Materials and Methods
Data preparation. To investigate the integrative effect of grazing intensity, duration, livestock type and climatic factor on multiple biodiversity and ecosystem functioning, we searched peer-reviewed publications during 1900–2019 using Google Scholar, Web of Science, and China Knowledge Resource Integrated Database with the search terms: (grazing) AND (diversity or richness) AND (ecosystem functioning) OR (productivity/stability/soil properties /soil nutrients/carbon exchange).
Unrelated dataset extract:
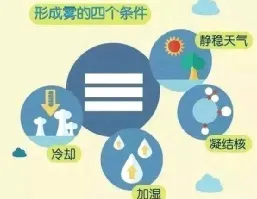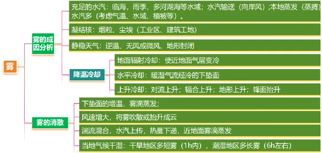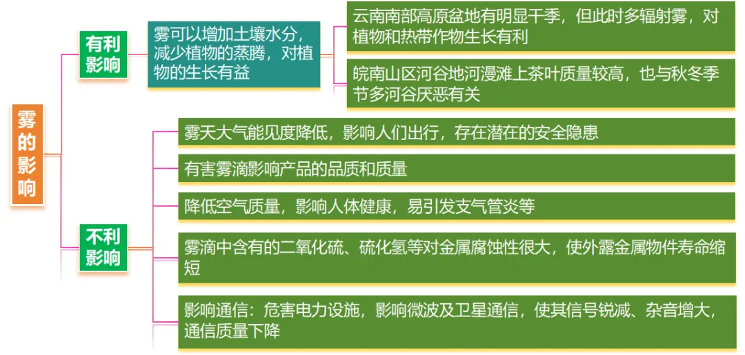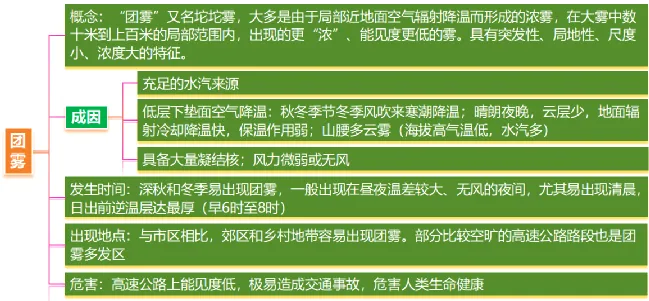 锋面雾 | 我国江淮一带梅雨季节常常出现锋面雾 | 发生于锋面附近,暖气团的降水落入冷空气层时,冷空气因雨滴蒸发而达到过饱和,水汽在锋面底部凝结而成 |

We examined the identified publications according to the following criteria: (a) field-manipulated experiments included a control (no grazing treatment), which had similar conditions to the grazing plots, such as microclimatic factors, vegetation and soil types. (b) Grazing intensity was clearly quantified in terms of vegetation utilization rate or stocking rate. (c) Experimental duration, livestock type and climatic characteristics (i.e., mean annual temperature and precipitation) were clearly indicated. (d) The means, standard deviation, and the number of replicates were explicitly provided. We obtained the table-form data directly and extracted graphical data using Getdata software (GetData Pty Ltd, Kogarah NSW, Australia) from the original publications. In total, 104 publications that investigated the effects of grazing intensity on biodiversity and individual ecosystem functions were used to establish a global dataset containing 494 independent observations (Fig. S1).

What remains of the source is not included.